Normativa

Normativa diramata da Ordine Medici e Odontoiatri di Arezzo

Sulla "sostituibilità" dei farmaci 28.11.2011

Da Toscana Medica del 24.11.2011 - Sulla "sostituibilità" dei farmaci
La Regione Puglia, con propria legge regionale, ha stabilito che all'atto delle dimissioni del paziente dal ricovero o della visita specialistica, le strutture delle Aziende sanitarie pubbliche avrebbero dovuto dispensare i farmaci necessari per il primo ciclo di terapia.
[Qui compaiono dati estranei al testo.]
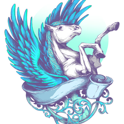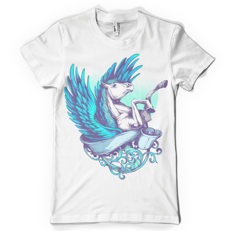 "Pegasus" is an illustration of a winged-horse known as "Pegasus" in Greek Mythology. The file contains a PSD file which separates each element in the design and is ready to print. This design is 300dpi and has a dimension of 17" x 24".
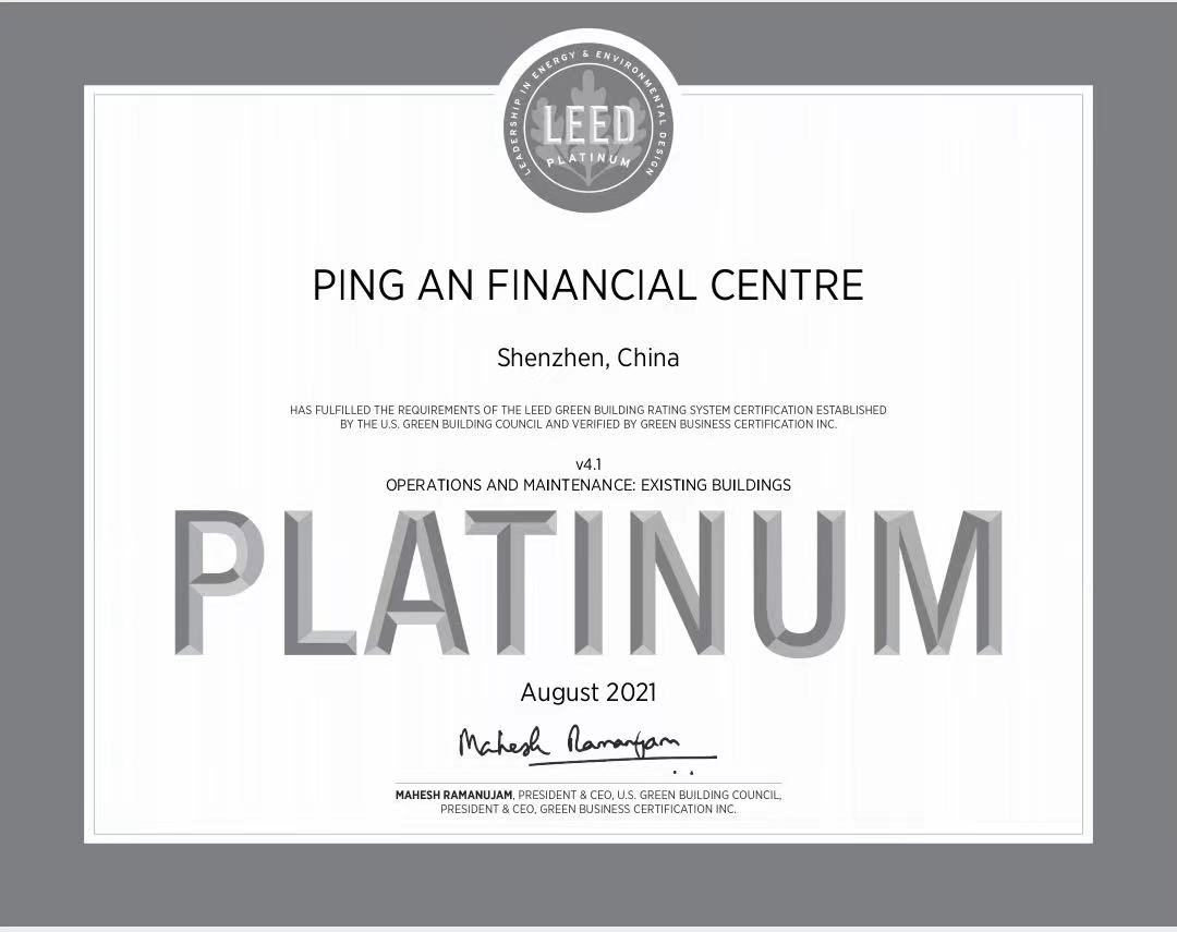 近日,“世界最高办公建筑”——深圳平安金融中心获得LEED v4.1 O+M:EB(运营与维护:既有建筑)铂金级认证、中国绿色建筑三星级认证,同时荣膺国内外绿色建筑领域的最高级别奖项,充分展现了平安金融中心作为绿色建筑典范在节能环保、可持续发展领域的出众表现,以及项目在运营维护阶段的卓越水准。

In particolare, il regolamento attuativo della legge regionale prevedeva che, nell'ambito della distribuzione diretta dei farmaci, la prescrizione dei medicinali concedibili con oneri a carico del SSR presenti nel prontuario terapeutico, dovesse riportare esclusivamente il principio attivo con conseguente divieto per i medici ospedalieri e specialisti ambulatoriali di utilizzare il nome commerciale del prodotto. Una azienda farmaceutica ha fatto ricorso contro questa disposizione e il Consiglio di Stato le ha dato ragione. I giudici amministrativi, infatti, hanno affermato che il medico non può essere obbligato a indicare nella prescrizione esclusivamente il nome del principio attivo e quindi non può essere rimessa al farmacista la scelta concreta del farmaco da somministrare, non avendo quest'ultimo né la competenza tecnica, né la conoscenza del quadro clinico dell'assistito. Il Consiglio di Stato ha anche osservato che la normativa regionale si pone in contrasto con la Legge dello Stato n. 405 del 2001 che contiene principi fondamentali non derogabili dalle singole Regioni. La Legge nazionale, infatti, prevede che ove sia prescritto un farmaco più costoso tra quelli equivalenti in commercio, la differenza di costo è sostenuta dal paziente, che, a sua volta, può optare, su consiglio del farmacista, per il farmaco al prezzo più basso; ma ciò solo laddove il medico non abbia apposto la clausola di insostituibilità. In definitiva emerge il principio che è la valutazione finale del medico curante, da effettuarsi in relazione alla precisa patologia del paziente e alle caratteristiche della malattia, a determinare il ricorso a un farmaco specifico e la non sostituibilità con altro farmaco (Consiglio di Stato, sez. III, sent. n. 5790 del 27/10/2011).